Before introducing all methods, let’s set up the sample data.

@tUsers is the working table. It contains a list of users with one particular field: active. When inserting data, this field is not set.

declare	@tUsers		table
(
	id		int		NOT NULL,
	firstName	varchar (30)	NOT NULL,
	lastName	varchar (30)	NOT NULL,
	active		tinyint		NULL
)

insert into @tUsers	(id, firstname,	lastname)
values	(1, 'Clément', 'Perrod')

insert into @tUsers	(id, firstname,	lastname)
values	(2, 'Thomas', 'Dupont')

insert into @tUsers	(id, firstname,	lastname)
values	(3, 'John', 'Doe')

The table contains the following rows:

id	firstName	lastName	active
1	Clément	        Perrod	        NULL
2	Thomas	        Dupont	        NULL
3	John	        Doe	        NULL

@tStaging will be the source table for upsert in @tUsers. Some rows are new and others are just an update for the active field.

declare	@tStaging	table
(
	id		int		NOT NULL,
	firstName	varchar (30)	NOT NULL,
	lastName	varchar (30)	NOT NULL,
	active		tinyint		NULL
)

insert into @tStaging	(id, firstname,	lastname, active)
values	(1, 'Clément', 'Perrod', 1)

insert into @tStaging	(id, firstname,	lastname, active)
values	(3, 'John', 'Doe', 0)

insert into @tStaging	(id, firstname,	lastname)
values	(4, 'Elise', 'Duffin')

insert into @tStaging	(id, firstname,	lastname)
values	(5, 'Anonie', 'Mousse')

The table contains following rows:

id	firstName	lastName	active
1	Clément		Perrod		1
3	John		Doe		0
4	Elise		Duffin		NULL
5	Anonie		Mousse		NULL

Methods

MERGE statement

The easiest way to perform upsert is to use the MERGE statement introduced by SQL:2008. Its syntax is pretty intuitive: different treatments are applied on the target table using data from the source table depending on a merging clause.
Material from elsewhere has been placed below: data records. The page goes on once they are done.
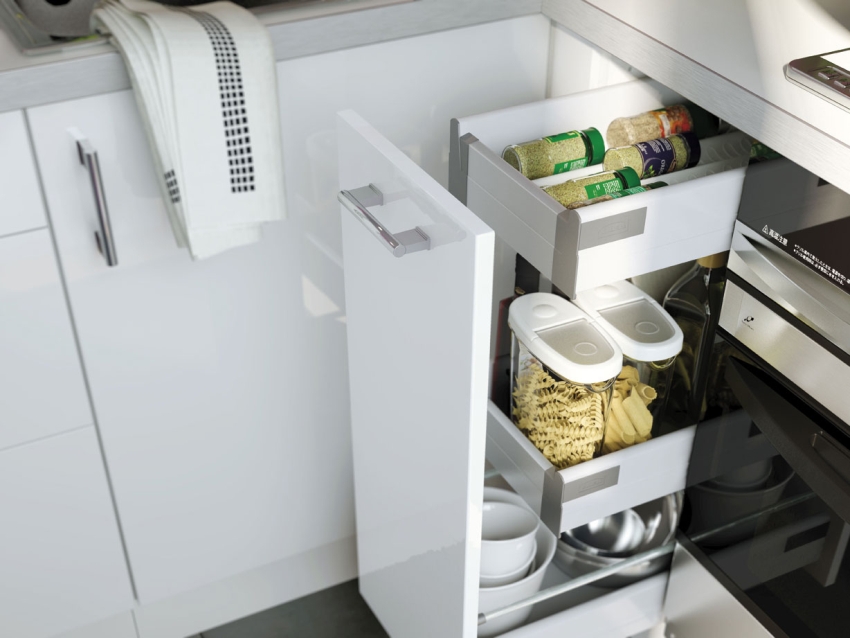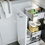 A significant problem of the kitchen in Brezhnevka or Khrushchev is that it is difficult to find a place for refrigerator... If it is small, then you can put it on top of the headset's bedside table, then the space will be used right up to the ceiling. Special devices - storage systems will help to fill the space in the cabinets, with their help it will be easy to organize and put things in order.
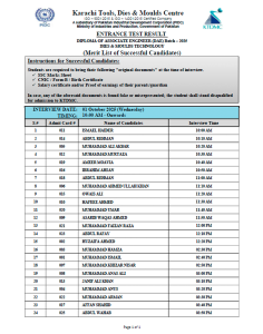 • List of Successful Candidates NVQ CNC Machinist
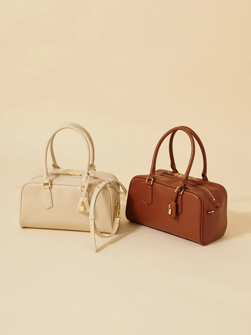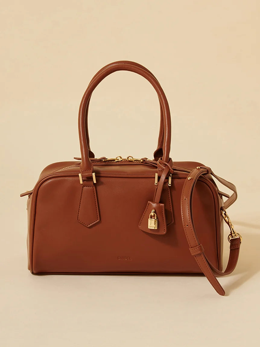 A traditional Boston bag accented with a padlock charm.
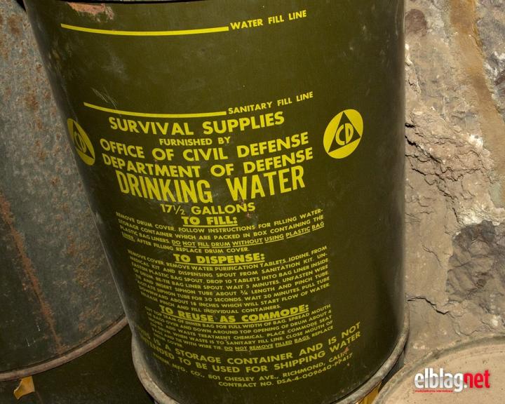 W czasie wędrówki po podziemnych korytarzach natkneliśmy się także na relikt z okresu zimnej wojny. Dziesiątki beczek przeznaczonych na wodę zgromadzonych tam na wypadek nuklearnego armagedonu, pomysł genialny w swej prostocie, wykorzystać jaksinie jako naturalny schron atomowy. Instrukcje na beczkach dostarczają dodatkowych informacji na temat ich zastosowania. Po opróżnieniu zawartości, beczki zamieniają się w przenośne kible. Na beczkach zaznaczone są również dwie wysokości do których zaleca się napełnianie zbiornika, jeden dla wody (wyżej) a drugi dla extrementów.
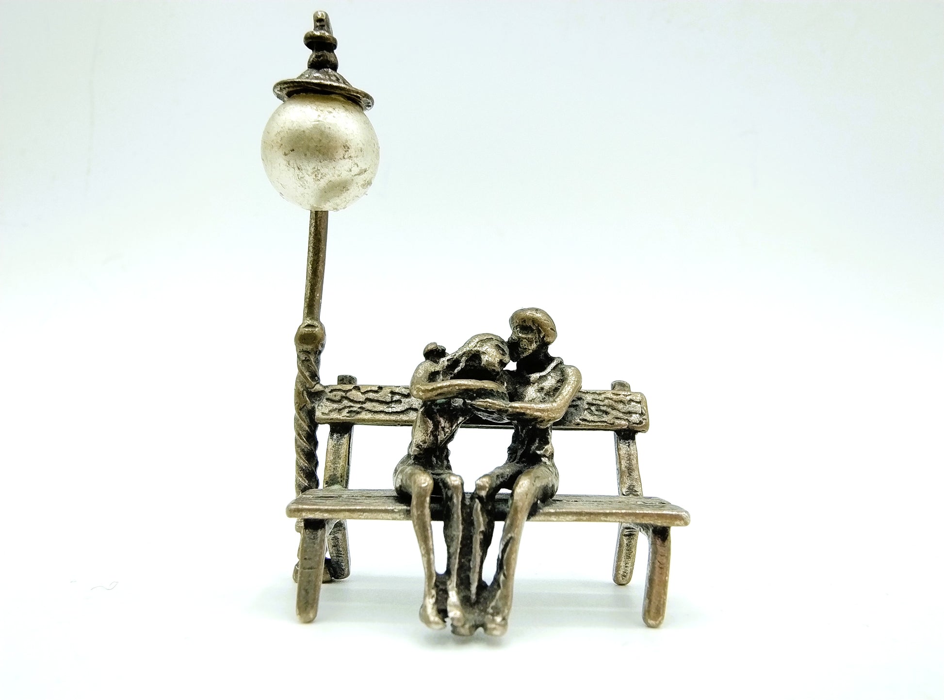 Zilveren miniatuur van een verliefd koppel op een bankje. Naast het bankje staat een lantaarnpaal met een parel als licht.
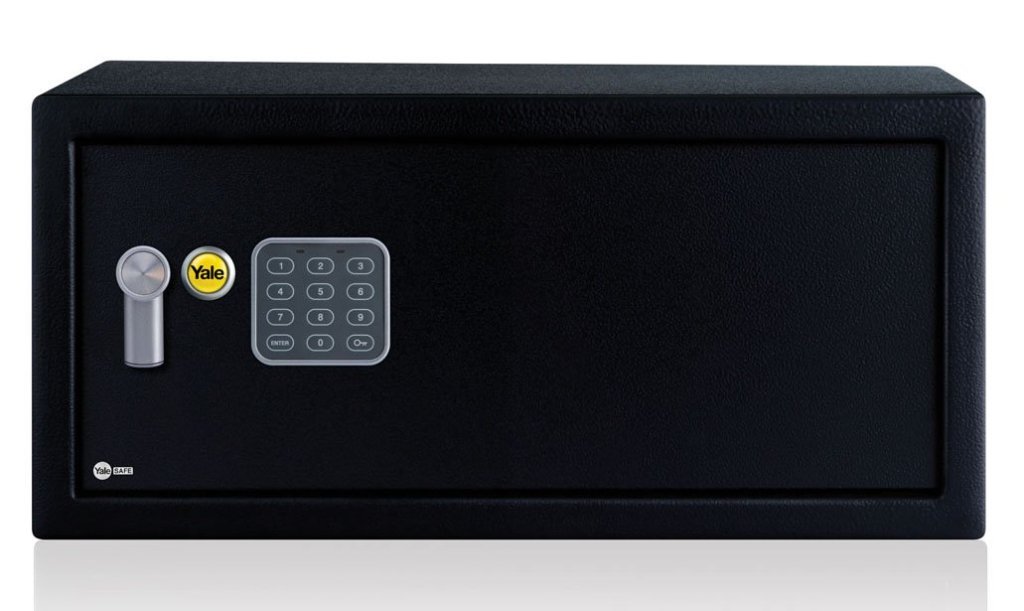Yale Value Duży sejf hotelowy meblowy, zamek elektroniczny, bez wyświetlacza, zamek dwustronny dźwigniowy. Wysokość 390 x szerokość 350 x głębokość 360 mm, wymiary wewnętrzne 380 x 340 x 310 mm.
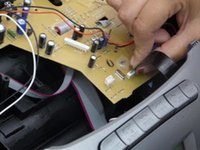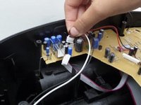 Detach the thicker, white and pink cord on the smaller yellow plate on the front panel by pulling away.
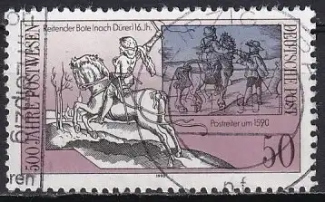 500 Jahre internationale Postverbindungen in Europa (II): Der kleine Postreiter, Stich von A. Dürer (16. Jh.), Postreiter (um 1590)
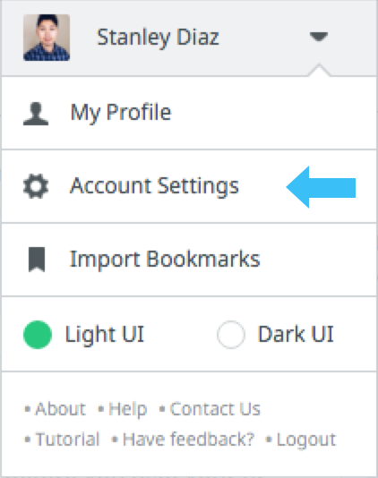 You can access Account Settings via the dropdown menu in the top-right of the page.
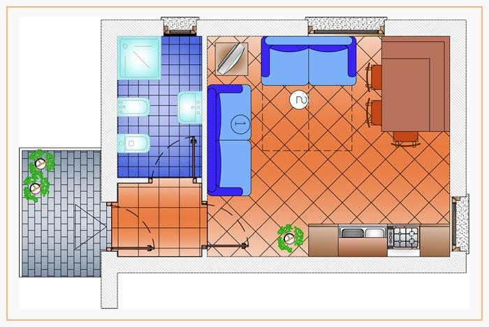 - Štúdio 3 obsadené 2 osobami (označenie partnera Mono): Štúdio pre max. 3 osoby. Má obývaciu izbu so spaním pre 2 osoby a 1 pohovkou pre 1 osobu (3 os.), vybavený kuchynský kút, kúpeľňa so sprchovacím kútom a sušičom vlasov. Bez balkónu.
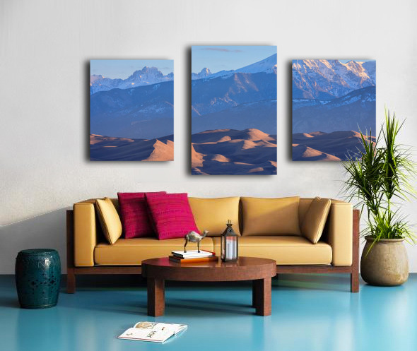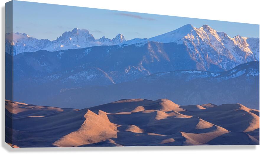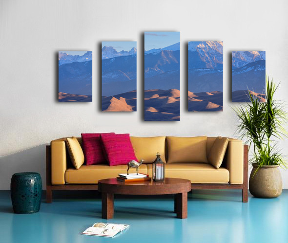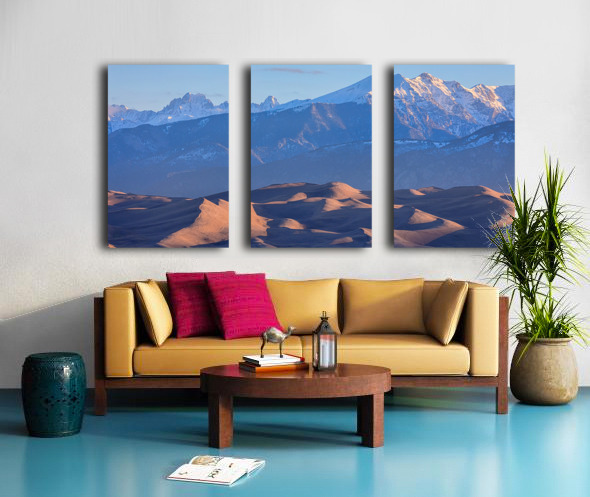 Early Morning Sand Dunes and Snow Covered Peaks Canvas print
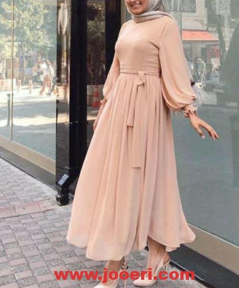 هذا اللون هو أحد درجات اللون السيمون الذي يعتبر من الألوان الرقيقة والهادئة والأنيقة جدًا، وتصميم الفستان هنا بسيط تمامًا فهو يخلو كليًا من أي نقوش أو تفاصيل مبالغ فيها، فهو يتضمن كورنيشة أفقية عند منطقة الركبة والوسط محدد بحزام أما الأكمام فهي واسعة ومحددة من عند المعصم بأساور.
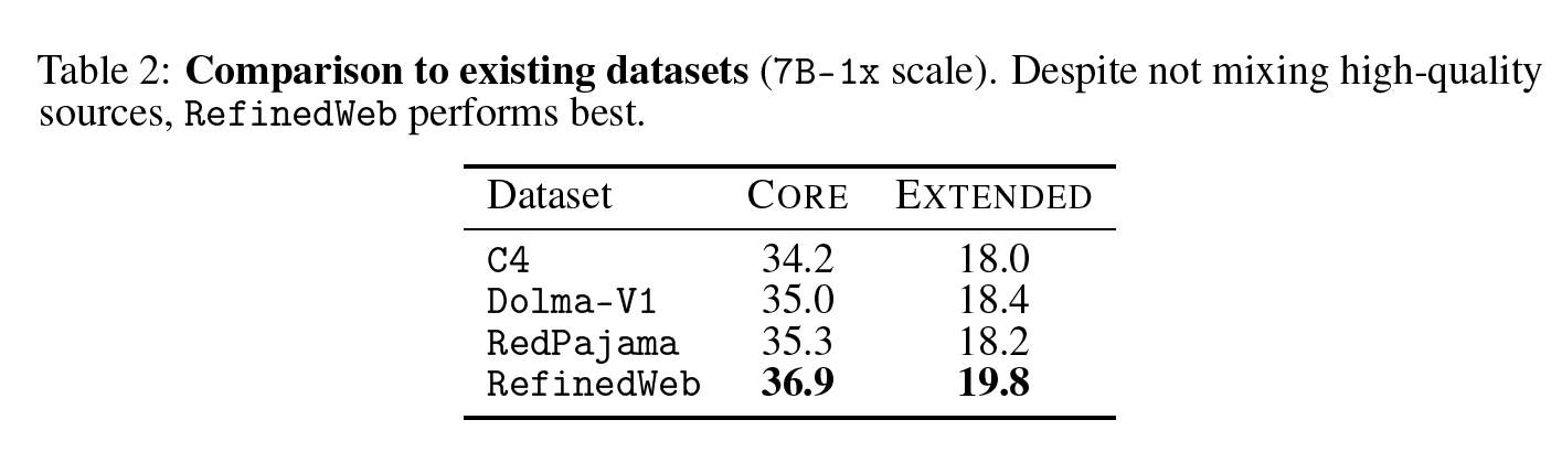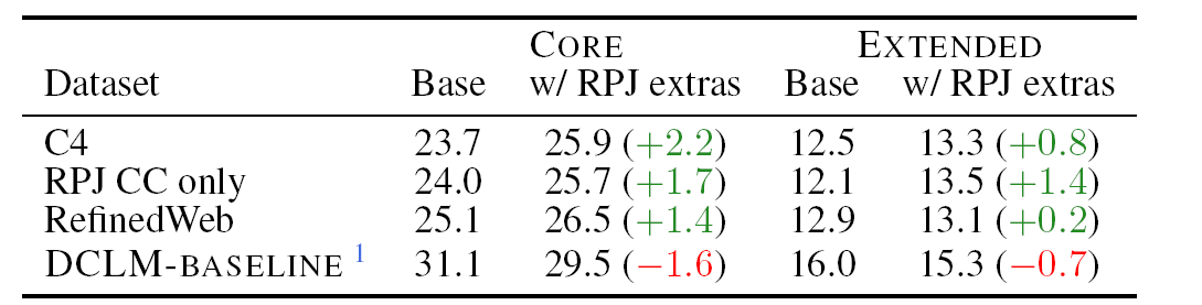 Table 2는 C4, Dolma-V1, RedPajama, RefinedWeb 데이터셋에 따른 CORE와 EXTENDED 점수를 나타낸다. 네 가지 데이터셋 모두 다양한 heuristic filters와 데이터 정제 작업을 거쳤지만, RefinedWeb이 가장 성능이 좋은 것을 보인다. 흥미롭게도, Dolma와 RedPajama는 Wikipedia와 같은 high-quality 데이터가 섞인 반면, RefinedWeb은 common-crawl에서 필터링 및 deduplication만 적용한 데이터셋이다. 이는 RefinedWeb이 상대적으로 강한 필터링 방법을 적용했음을 시사하고, DCLM-Baseline에서는 RefinedWeb의 필터링 방법을 차용한다.
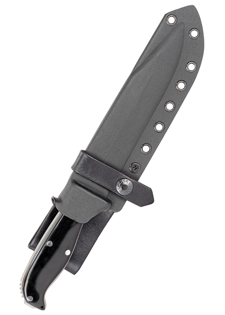 Kniven leveres med en skræddersyet Kydex-skede, som holder kniven sikkert på plads og gør det nemt at bære den på bæltet eller udstyr. Den lette, men solide konstruktion gør Enduro til en trofast makker på ethvert eventyr.
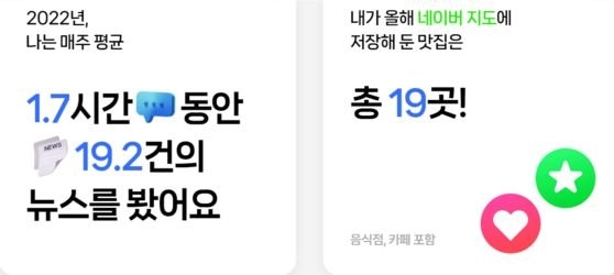 ‘네이버 연말결산’은 매주 평균 읽은 기사 건수 등을 제공한다. [사진 각 사] 기자가 2022년 맛집을 가장 많이 ‘찜’해둔 지역은 서울 논현동(네이버 마이플레이스), 올해 가장 많이 만난 직군은 홍보·PR, CEO(리멤버) 그리고 올해는 총 880곡, 390명의 가수의...
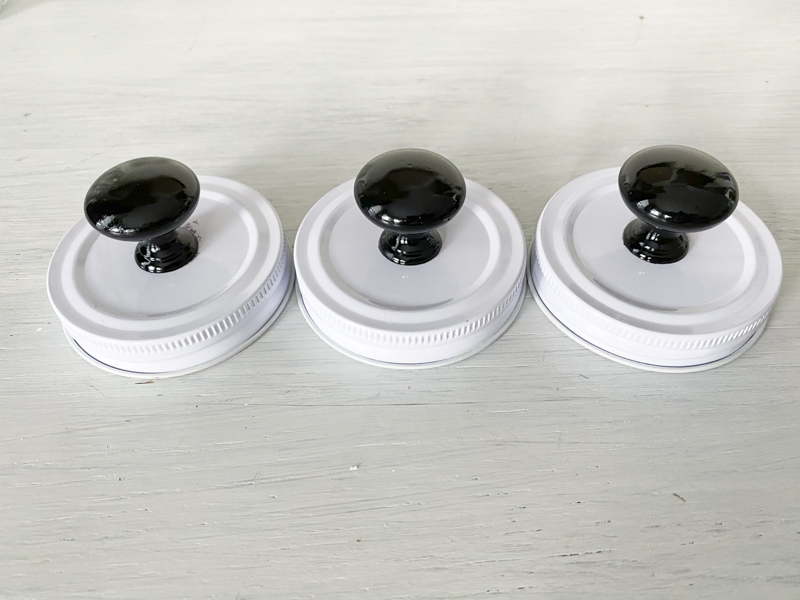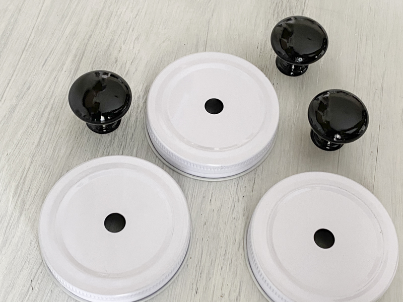Instead of cotton balls and q-tips stored in the drawers, I made them easy to access by storing them on the counter. I took three drinking jars that came with lids and just removed the straws. I wanted to add metal knobs on the lids. Lately, I have been doing so many projects with things I already have at home. These knobs were the original ones from their bathroom cabinets.
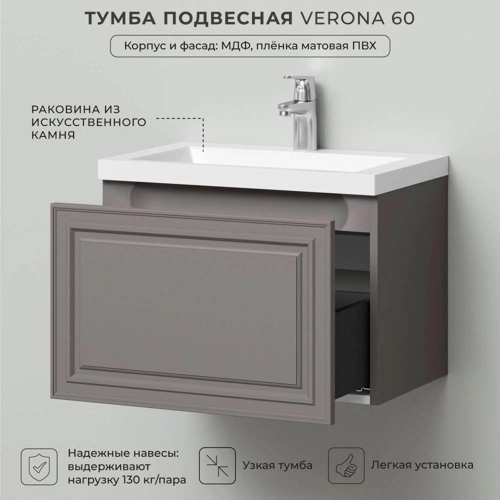 Подвесная тумба с раковиной из коллекции Verona станет настоящим украшением ванной комнаты в современном скандинавском стиле. Навесной способ установки тумбы в ванную дает возможность не только визуально увеличить пространство, но и обеспечивает быстрый и удобный доступ для уборки. Размеры подвесной тумбы с раковиной 602х377х440 - идеальный выбор для ванной комнаты или туалета. Тумба для ванны изготовлена из прочного МДФ, поэтому выдерживает высокие эксплуатационные нагрузки. Корпус и фасады тумбы для ванной покрыты матовой пленкой, что обеспечивает дополнительную защиту тумбы с раковиной от влаги и перепадов температуры. Качественная фурнитура с доводчиками обеспечивает легкое открывание и плавное закрывание ящика. Вырез под сифон универсальный, для любого типа. Благодаря своей конструкции тумба в ванную обеспечивает удобный доступ к раковине и позволяет скрыть коммуникации. Тумба с раковиной в ванную оснащена удобным ящиком для хранения, что позволяет разместить всё необходимое под рукой. Ручки интегрированы в фасад дверки шкафчика, что исключает возможность случайного удара о фурнитуру. Для точного выбора подвесной тумбы с раковиной в ванную комнату рекомендуем обратиться к схеме замеров, которая находится на третьем фото в карточке товара, размеры изделия могут отличаться +/-1 см в связи со спецификой производства. Тумба для ванной доставляется в предварительно собранном виде, надежно упакована.
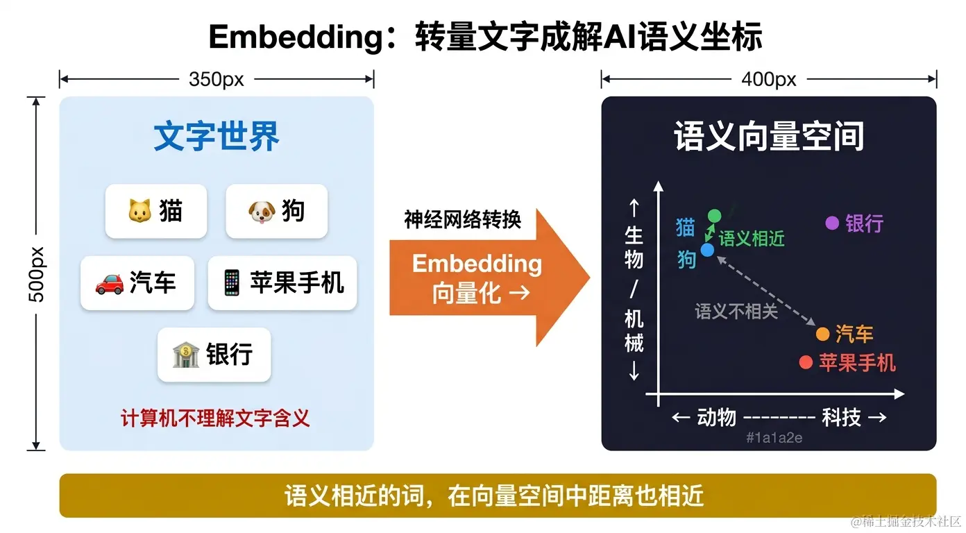 Embedding = 把文字转成"语义坐标",让 AI 能理解文字的含义而不只是字符匹配。它是语义搜索、RAG 知识库、告警聚合、内容推荐等 AI 应用的核心基础技术。
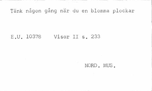 //// tänk någon gång när du en blomma plockar E.U. 10378 Visor II s. 233 //// NORD. MUS. ////
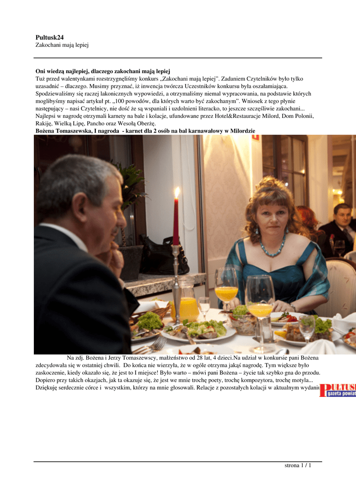 Pultusk24 Zakochani mają lepiej Oni wiedzą najlepiej, dlaczego zakochani mają lepiej Tuż przed walentynkami rozstrzygnęliśmy konkurs „Zakochani mają lepiej”. Zadaniem Czytelników było tylko uzasadnić – dlaczego. Musimy przyznać, iż inwencja twórcza Uczestników konkursu była oszałamiająca. Spodziewaliśmy się raczej lakonicznych wypowiedzi, a otrzymaliśmy niemal wypracowania, na podstawie których moglibyśmy napisać artykuł pt. „100 powodów, dla których warto być zakochanym”. Wniosek z tego płynie następujący – nasi Czytelnicy, nie dość że są wspaniali i uzdolnieni literacko, to jeszcze szczęśliwie zakochani... Najlepsi w nagrodę otrzymali karnety na bale i kolacje, ufundowane przez Hotel&Restauracje Milord, Dom Polonii, Rakiję, Wielką Lipę, Pancho oraz Wesołą Oberżę. Bożena Tomaszewska, I nagroda - karnet dla 2 osób na bal karnawałowy w Milordzie Na zdj. Bożena i Jerzy Tomaszewscy, małżeństwo od 28 lat, 4 dzieci.Na udział w konkursie pani Bożena zdecydowała się w ostatniej chwili. Do końca nie wierzyła, że w ogóle otrzyma jakąś nagrodę. Tym większe było zaskoczenie, kiedy okazało się, że jest to I miejsce! Było warto – mówi pani Bożena – życie tak szybko gna do przodu. Dopiero przy takich okazjach, jak ta okazuje się, że jest we mnie trochę poety, trochę kompozytora, trochę motyla... Dziękuję serdecznie córce i wszystkim, którzy na mnie głosowali. Relacje z pozostałych kolacji w aktualnym wydaniu strona 1 / 1

In this article it is used for upsert, but it is also possible to use it to delete data in target table.

MERGE 
    [ TOP ( expression ) [ PERCENT ] ] 
    [ INTO ] <target_table> [ WITH ( <merge_hint> ) ] [ [ AS ] table_alias ]
    USING <table_source> 
    ON <merge_search_condition>
    [ WHEN MATCHED [ AND <clause_search_condition> ]
        THEN <merge_matched> ] [ ...n ]
    [ WHEN NOT MATCHED [ BY TARGET ] [ AND <clause_search_condition> ]
        THEN <merge_not_matched> ]
    [ WHEN NOT MATCHED BY SOURCE [ AND <clause_search_condition> ]
        THEN <merge_matched> ] [ ...n ]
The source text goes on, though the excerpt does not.